6. Application of Moving Object Extraction

In this section, we extend our approach to applications of moving object extraction to show its useful and plentiful potentials in visual media perception. Moving object detection in complex scenes is an important and challenging problem in computer vision, which is used in many applications, such as video surveillance, object tracking, video content compression and video semantic analysis. The classical method is background modeling. The background subtraction method can be applied under certain assumptions, such as a static background or a fixed camera. However, for dynamic backgrounds, this method is more difficult in detecting the holistic motion of an object. In this subsection, we overcome these limitations using our proposed spatio-temporal saliency method. Moving objects detection can be seen as a spatio-temporal saliency detection problem. From the view of the spatio-temporal saliency feature, moving objects have higher contrast in the frequency domain. The frame difference of a moving object may form the big peak value in the hypercomplex spectrum contrast. Therefore, the proposed method is much easier for detecting the space-time salient moving object by spatio-temporal global features.

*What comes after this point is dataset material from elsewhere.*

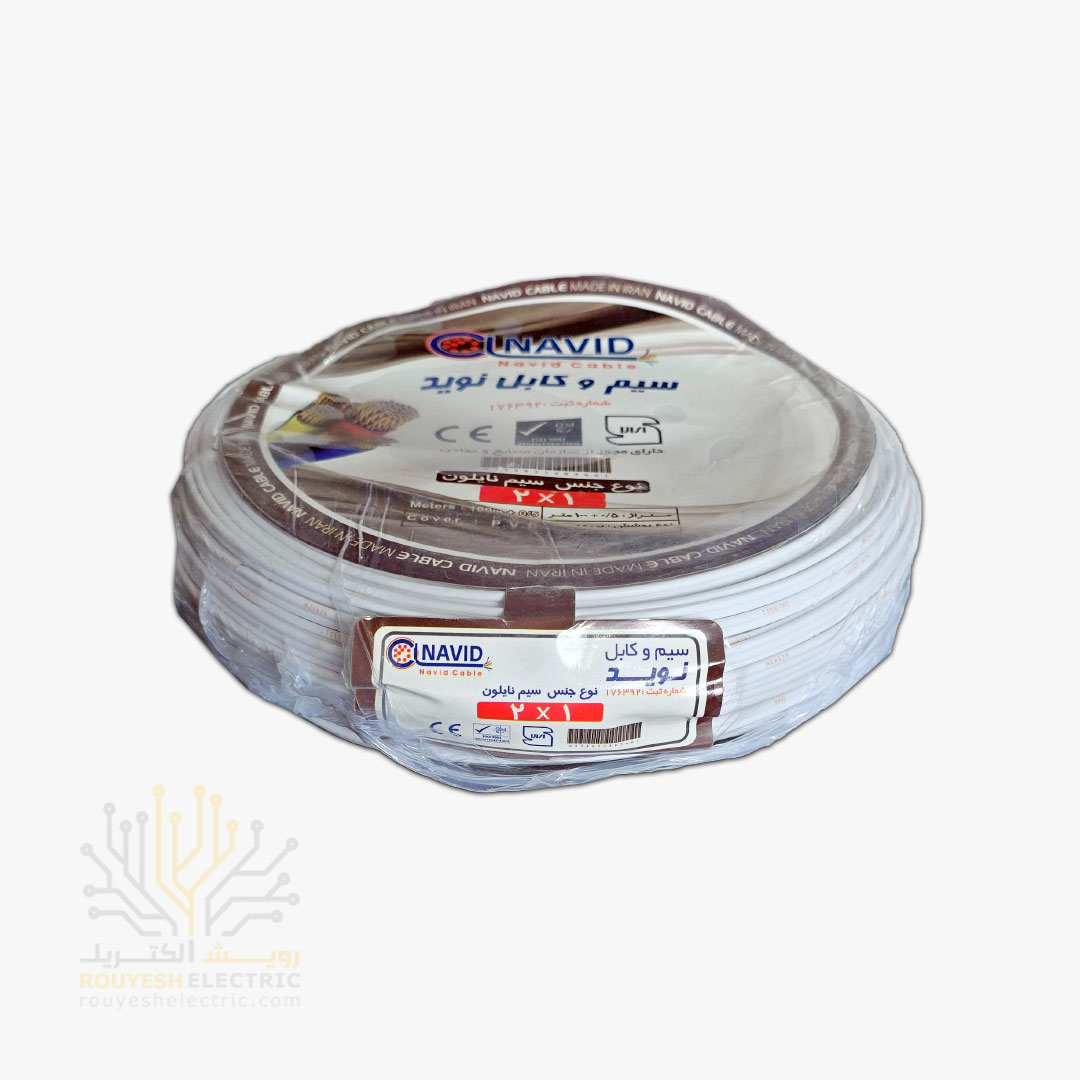 کابل برق نمره 2x1 برند نوید استاندارد حلقه 100 متری

For the performance evaluation of moving objects detection, we employ two public datasets, PETS2001 [45], and a beach video [49], which are all taken in the outdoor environment and contain dynamic illumination changes. The image resolution of each dataset is 768 × 576 pixels (2,100 frames) and 360 × 180 pixels (457 frames). In the beach video, there are multiple people (foreground) walking through the beach with moving waves (background). We compare the proposed saliency approach with two methods, the traditional GMM [47] and KDE [48] algorithm, which are widely used for motion detection. GMM is a classic, probabilistic method for background subtraction. But for both the dynamic background and dynamic foreground object, in particular, the movement examination ability of GMM is limited, because of the noise and dynamic background. For the time cost, the GMM method is more time-consuming. Similarly, KDE is a classical algorithm for moving object segmentation. Using a few frames as priori knowledge, the KDE method can model the background and quickly extract the moving targets in subsequent frames. However, the KDE method is sensitive to illumination changes, and some small moving objects are easily lost using KDE. The results are shown in Figures 10 and 11. Finally, our proposed moving object detection method can give good performance with a simple binary threshold and morphological operators in our proposed saliency map. For the quantitative comparison, the recall and precision defined employ H. Seo's method [18] to determine a threshold value efficiently. The bounding boxes of moving objects are used as the ground-truth. If at least 30% of pixels within each bounding box are classified as foreground pixels, it can be easily detected as the moving object by using the simple post processing. We compare HSC with other approaches based on this recall rate. The recall and precision values computed from 20 frames randomly taken throughout the entire dataset are shown in Table 3. Note that the low precision value indicates that false ones occur more frequently. From these test results, we confirm that the proposed approach can be effectively employed for extracting moving objects.

7. Conclusions

In this paper, we presented a spatio-temporal saliency perception method inspired by hypercomplex spectrum contrast and human visual perception. The basic idea is that the salient object is highly sensitive to the contrast of integrated features and nonlinear non-uniform sampling of visual information. To this end, a novel hypercomplex spectrum method for spatiotemporal saliency detection has been designed. The hypercomplex amplitude spectrum represents the power of the intensity, color, motion features and the hypercomplex phase spectrum to represent the texture and location information. We use the original image hypercomplex spectrum comparison with the down-sampling image spectrum to pop out the salient region and use non-uniform sampling to be consistent with the human visual perception of salient regions. The proposed method is able to effectively and quickly detect salient regions from an image and give better responses to psychological patterns. Experimental results show that the proposed method has better performance compared with the other eleven state-of-the-art methods on two public static image datasets. In addition, we applied the proposed method to image auto-segmentation and moving salient object detection. Since there is natural integration of various visual features in the hypercomplex spectrum-domain, the proposed method can efficiently detect the initial segmentation area and moving objects in cluster static or dynamic scenes. Experimental results show that our method has plentiful possibilities to some promising applications in image or video perception processing.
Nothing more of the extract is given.